Pinho Moreira aposta no consumo da produção local para driblar queda de receita

Só nos 10 primeiros dias deste mês Santa Catarina amargou uma queda de receita da ordem de 14% se comparado com o mesmo período do mês passado. Efeito da greve dos caminhoneiros e do momento de instabilidade econômica que vive o país, a diminuição de recursos no caixa do governo preocupa o governador Pinho Moreira (PMDB), que apontou a redução da máquina do Estado e o lançamento de iniciativas criativas como a saída mais possível diante do atual cenário. O governador falou na abertura do Congresso dos Prefeitos, na manhã desta terça-feira (12).

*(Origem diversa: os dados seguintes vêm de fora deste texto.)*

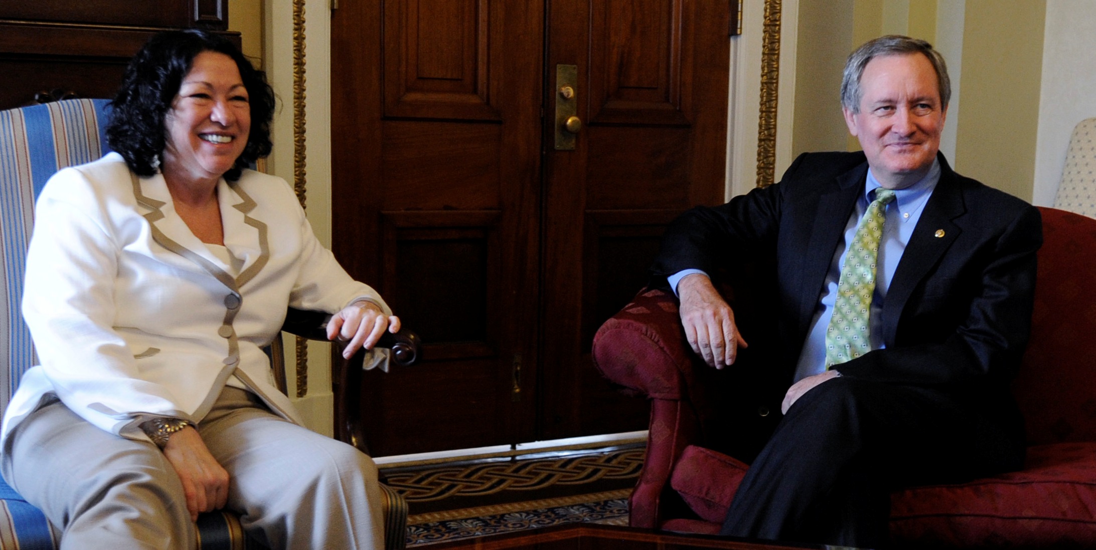 Supreme Court nominee Sonia Sotomayor meets with Sen. Michael Crapo, R-Idaho, on Capitol Hill in Washington today. News release here . (AP Photo/Susan Walsh)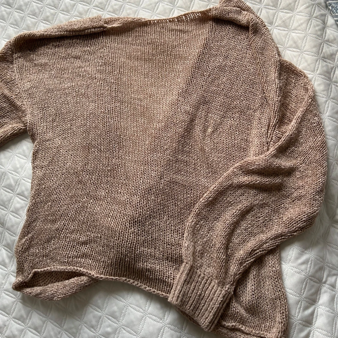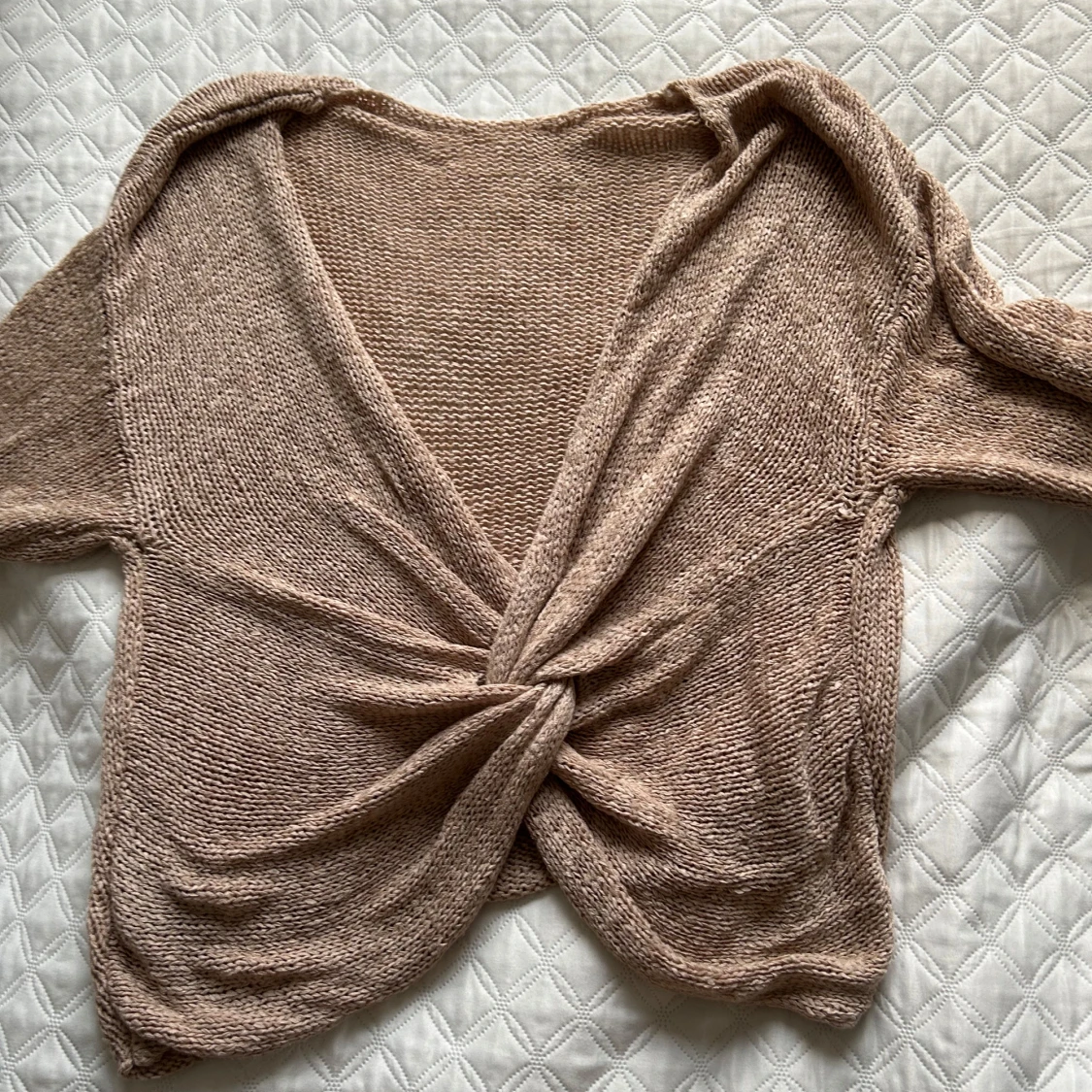 Säljer en mysig beige stickad omlottopp med långärmad design. Perfekt för en avslappnad stil med en twist baktill. Passar bra till både jeans och kjol. Säljer även en svart likadan som ni kan hitta bland mina andra annonser 🦋
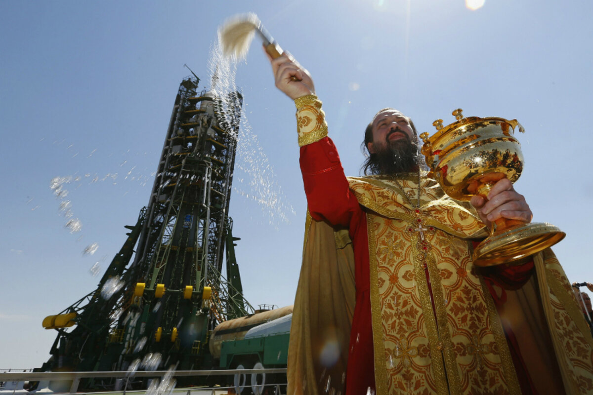 But just before the mid-December blastoff of the latest Soyuz mission to the International Space Station, the countdown procedure was halted to allow a robed and bearded Russian Orthodox priest a few minutes to shuffle around the mighty rocket, sprinkling holy water on its fuselage, murmuring snatches of biblical verse, and calling upon God to keep it safe. He also blessed each of the three astronauts 鈥 American, Russian, and British 鈥 about to make the journey.

O governador Pinho Moreira (à esq.) falou na abertura do Congresso dos Prefeitos, nesta terça-feira - Diego Redel/Divulgação/ND
O governador Pinho Moreira (à esq.) falou na abertura do Congresso dos Prefeitos, nesta terça-feira – Diego Redel/Divulgação/ND

Pinho Moreira não têm receitas prontas ou alternativas em curto prazo para reverter as perdas de receita. Mas apostas em campanhas como “Compre de SC”, que busca estimular o público a consumir produtos catarinenses com o argumento de que assim o imposto fica no Estado, soam como uma esperança para aquecer a economia catarinense. “Sabemos que os meses de junho e julho serão críticos, mas nós temos que continuar estimulando a economia. Esse projeto visa exatamente isso, que é movimentar a econômica catarinense”, disse o governador.

Diante de prefeitos, autoridades do judiciário e também do meio acadêmico, Pinho Moreira apresentou um cenário nada animador das contas públicas. “Só para cobrir o déficit previdenciário o Estado paga R$ 360 milhões por mês. O custo dos inativos já é maios que dos ativos. Temos que diminuir o tamanho da máquina pública”, argumentou.

O governador ainda citou a Medida Provisória 220/2018, que tentou alterar a alíquota do ICMS de 17% para 12% nas operações internas do setor industrial, mas a proposta acabou rejeitada pelos deputados catarinenses. A proposta visava reduzir a alíquota interna do imposto para ampliar a competitividade. “Não foi o governador que perdeu, mas sim todos os catarinenses”, disse Pinho Moreira dizendo que deputados foram pressionados por setores econômicos a votarem contra a medida.

Pinho Moreira aguarda contrapartida federal para ICMS do diesel

O principal indicador para redução das receitas do Estado foi o combustível, segundo Pinho Moreira. E mesmo que o governo federal tivesse também incluído os estados no rol de responsáveis pelas reduções no óleo diesel anunciada para acabar com a greve dos caminhoneiros, o governador de Santa Catarina diz que ainda não há acordo e no estado a base de calculo permanece a mesma.

O acordo proposto pelo governo federal foi de que os estados reduzissem até 25 centavos sobre a base de calculo do imposto que fica nos cofres estaduais. “O Governo federal não acenou com nada. Eu estive 20 dias atrás lá em Brasília e estava tudo certo para recebermos R$ 20 milhões para segurança da Serra do Rio do Rastro, mas não deram um centavo para nós e deram R$ 500 milhões para compra de caminhão-pipa para o Nordeste”, reclamou o governador.

Segundo Pinho Moreira, enquanto o governo federal não acenar com uma contrapartida ao estado, Santa Catarina não deve mexer de forma arbitrária nas alíquotas de ICMS sobre os combustíveis.  Atualmente o estado cobra 12% de ICMS sobre o preço base do diesel e 25% sobre a gasolina.

Oito presidenciáveis

Nesta quarta-feira (13), o Congresso dos Prefeitos promove o painel com os presidenciáveis. Pelo menos oito pré-candidatos à presidência da República estarão no Congresso para discursos de 30 minutos cada.

Convidados pela Fecam, os presidenciáveis falarão dentro do tema do evento, e deverão discursar sobre temas que afetam diretamente as municipalidades, como reforma tributária, o novo pacto federativo, entre outros. Das 8h30 às 12h30, cada candidato irá discursar por cerca de 20 minutos, sem debates ou perguntas.